One thing to note about spe_ed is that one game could take multiple hours as there are often over 500 turns, each with a deadline of about 10 seconds. Therefore, we created a script to visualize past games.

One game looked like this:

In October, we decided to look into the challenge, what could go wrong?

First of all, we brainstormed possible ways to solve the challenge. We thought that game theory and Reinforcement Learning were two promising approaches, so two of use spent time getting to know these strategies.

While working them concurrently, the Reinforcement Learning team tried various things, but a few problems persisted:

- A large, but discrete state space. Using lookup tables is not economical because of the \(2^{n^2}\) possible board states, where \(n\) is the width of a quadratic window of the board (This calculation even excludes player positions, speeds and directions).
- The reward function. A player should be trained to win in the long run, but the games can last 500 turns. Designing a working reward function is hard.

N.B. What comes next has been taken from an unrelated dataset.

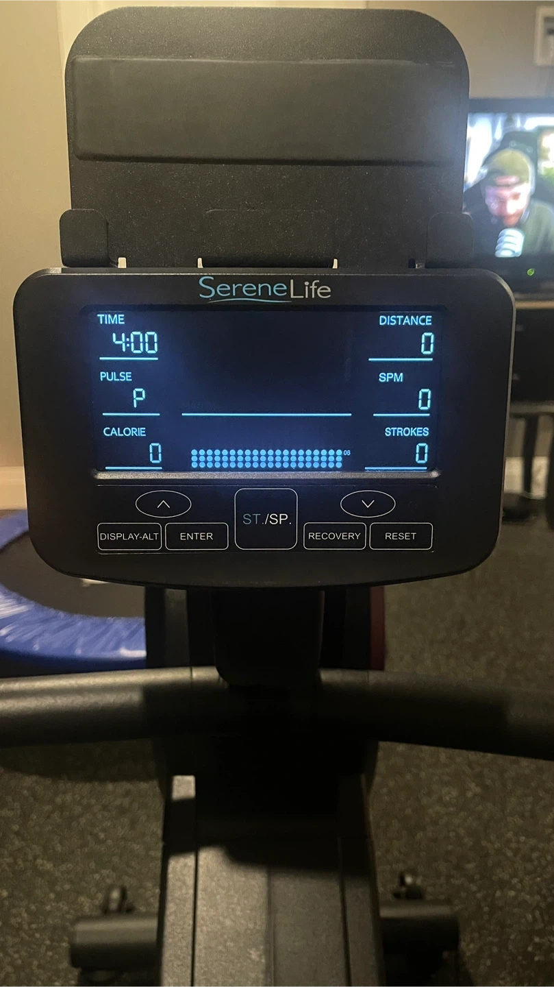 Selling a SereneLife rowing machine. It's in great condition like new and ready for a new workout space! The display shows time, pulse, calorie count, distance, and strokes. Perfect for getting your cardio in at home!

Instead, we got good results using a well-known approach from game theory.

After re-creating the game environment, the game theory team got good results with a simple MiniMax algorithm. With MiniMax, a full game tree is created. Each node gets a score. The leaves receive their scores through the use of a heuristic. The inner nodes’ scores are calculated based on their children’s scores. It is assumed that the enemy players always try to minimize the scores whereas our own player maximizes the score. In the end, the action with the highest score is used.

Implementing the algorithm was not hard, but finding an appropriate heuristic even more so. We wanted something that was fast to calculate (it has to be executed for every leaf) but also represents the board state well. At the end, we went with the number of degrees of freedom that a given player has, in other words, the number of actions a player can execute without dying.

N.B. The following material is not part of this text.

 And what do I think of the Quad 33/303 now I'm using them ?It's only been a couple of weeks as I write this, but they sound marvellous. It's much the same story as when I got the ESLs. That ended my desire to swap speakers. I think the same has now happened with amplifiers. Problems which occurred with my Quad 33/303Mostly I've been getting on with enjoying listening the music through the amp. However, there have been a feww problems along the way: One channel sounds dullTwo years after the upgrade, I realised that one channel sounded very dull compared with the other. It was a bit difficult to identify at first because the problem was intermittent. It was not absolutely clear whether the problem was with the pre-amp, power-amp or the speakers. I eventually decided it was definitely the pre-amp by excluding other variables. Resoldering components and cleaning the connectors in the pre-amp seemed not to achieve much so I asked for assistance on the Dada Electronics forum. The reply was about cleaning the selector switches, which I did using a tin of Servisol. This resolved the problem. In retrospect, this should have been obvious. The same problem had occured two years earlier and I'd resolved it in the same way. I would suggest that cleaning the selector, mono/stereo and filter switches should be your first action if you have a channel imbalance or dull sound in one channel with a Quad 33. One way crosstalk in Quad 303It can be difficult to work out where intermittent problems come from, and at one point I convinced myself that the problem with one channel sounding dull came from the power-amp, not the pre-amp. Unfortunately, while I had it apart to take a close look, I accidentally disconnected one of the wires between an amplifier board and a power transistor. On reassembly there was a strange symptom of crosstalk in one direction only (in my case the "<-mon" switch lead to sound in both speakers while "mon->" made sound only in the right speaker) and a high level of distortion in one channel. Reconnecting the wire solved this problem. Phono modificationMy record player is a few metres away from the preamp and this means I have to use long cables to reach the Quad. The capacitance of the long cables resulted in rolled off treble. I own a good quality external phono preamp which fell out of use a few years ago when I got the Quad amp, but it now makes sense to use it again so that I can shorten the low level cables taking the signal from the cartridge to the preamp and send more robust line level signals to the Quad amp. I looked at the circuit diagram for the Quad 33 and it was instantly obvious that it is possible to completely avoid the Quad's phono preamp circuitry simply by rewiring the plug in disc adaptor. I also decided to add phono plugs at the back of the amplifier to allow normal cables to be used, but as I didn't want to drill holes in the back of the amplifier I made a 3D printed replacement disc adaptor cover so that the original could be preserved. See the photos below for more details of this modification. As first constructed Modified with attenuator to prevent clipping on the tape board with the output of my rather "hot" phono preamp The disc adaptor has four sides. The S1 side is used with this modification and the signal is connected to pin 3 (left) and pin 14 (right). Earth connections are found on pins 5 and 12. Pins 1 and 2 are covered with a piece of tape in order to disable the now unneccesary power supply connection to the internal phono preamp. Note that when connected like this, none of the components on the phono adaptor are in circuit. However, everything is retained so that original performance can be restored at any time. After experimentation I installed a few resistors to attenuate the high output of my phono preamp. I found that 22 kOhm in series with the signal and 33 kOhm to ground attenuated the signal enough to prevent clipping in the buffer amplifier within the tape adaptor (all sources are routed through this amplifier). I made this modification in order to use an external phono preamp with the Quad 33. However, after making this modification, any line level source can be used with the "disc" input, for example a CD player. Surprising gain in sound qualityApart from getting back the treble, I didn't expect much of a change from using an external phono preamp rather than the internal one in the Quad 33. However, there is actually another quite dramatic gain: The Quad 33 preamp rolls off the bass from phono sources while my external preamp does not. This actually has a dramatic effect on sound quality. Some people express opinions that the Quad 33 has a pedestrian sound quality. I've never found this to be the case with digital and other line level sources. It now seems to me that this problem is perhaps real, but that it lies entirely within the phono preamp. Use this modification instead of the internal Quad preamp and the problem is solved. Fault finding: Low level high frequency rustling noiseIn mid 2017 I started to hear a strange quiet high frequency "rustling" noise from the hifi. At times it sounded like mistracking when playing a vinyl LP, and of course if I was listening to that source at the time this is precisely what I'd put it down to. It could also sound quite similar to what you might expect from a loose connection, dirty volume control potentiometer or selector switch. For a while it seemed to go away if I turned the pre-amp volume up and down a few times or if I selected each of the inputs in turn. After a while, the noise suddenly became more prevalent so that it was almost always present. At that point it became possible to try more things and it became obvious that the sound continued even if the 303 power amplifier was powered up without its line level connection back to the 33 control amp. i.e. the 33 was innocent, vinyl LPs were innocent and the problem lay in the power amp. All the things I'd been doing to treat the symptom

There was one problem with this strategy: *Low search depth*. As there are five actions that each player can execute each round, the game tree grows quickly in size. Therefore, the MiniMax algorithm can only see 7-10 rounds ahead, whereas a game might have 500.

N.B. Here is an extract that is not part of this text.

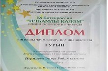11 нче сыйныф укучысы Нурмиева Энҗе Казан федераль университеты, Л.Толстой исемендәге филология һәм мәдәниятара багланышлар институты, Бөтендөнья татар конгресы, Татарстан Республикасы язучылар берлеге катнашында үткән IX Бөтенроссия "Илһамлы каләм" әдәби әсәрләр конкурсында катнашып, "Иң яхшы чәчмә әсәр" номинациясендә I урын яулады һәм диплом белән бүләкләнде. Энҗене әзердәгән укытучы Нурмиева Гөлгенә Вазых кызына иҗади фикерләү сәләтенә ия укучылар тәрбияләүгә керткән өлеше өчен Рәхмәт хаты тапшырылды. Котлыйбыз!
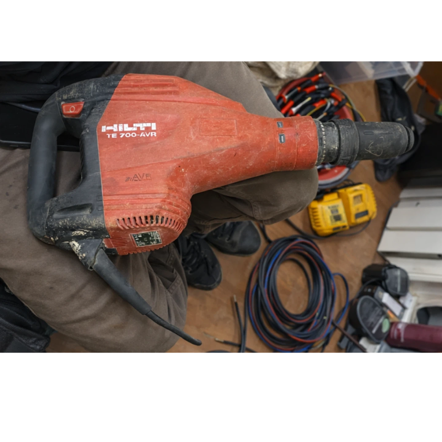 This is a Hilti TE 700-AVR demolition hammer. It's a powerful tool for tough jobs. Made for durability and performance on construction sites. Useful for breaking up concrete and masonry. This hammer's robust design ensures it can handle demanding tasks.

We tried optimizing the algorithm with alpha-beta pruning and increased our search depth by a few turns, but it was clear that an exhaustive search would not work for long-term planning.

Next, we tried using Monte-Carlo tree search with spe_ed but quickly realized it would not work since the algorithm assumes everone to move sequentially, but in spe_ed, everyone moves at the same time. Instead, we tried just using monte-carlo sampling (we called a single sample “rollout”). One rollout uses random actions until no actions can be performed anymore. It is often possible to perform a could hundred thousand rollouts before the deadline. A basic approach is to look at the longest paths and choose the action that yields the longest paths.

This approach yielded very good long-term planning, but completely ignored the interaction with other players. To fix that, we had to look at what our opponents could be doing in the next time.

Since we never know what exactly our enemies will do next, we assume that they will choose uniformly between all available actions. With this assumption, we look at the next turns and assign probabilities to each board cell. The higher the values, the higher the probability that the cell will be filled at some point in the future.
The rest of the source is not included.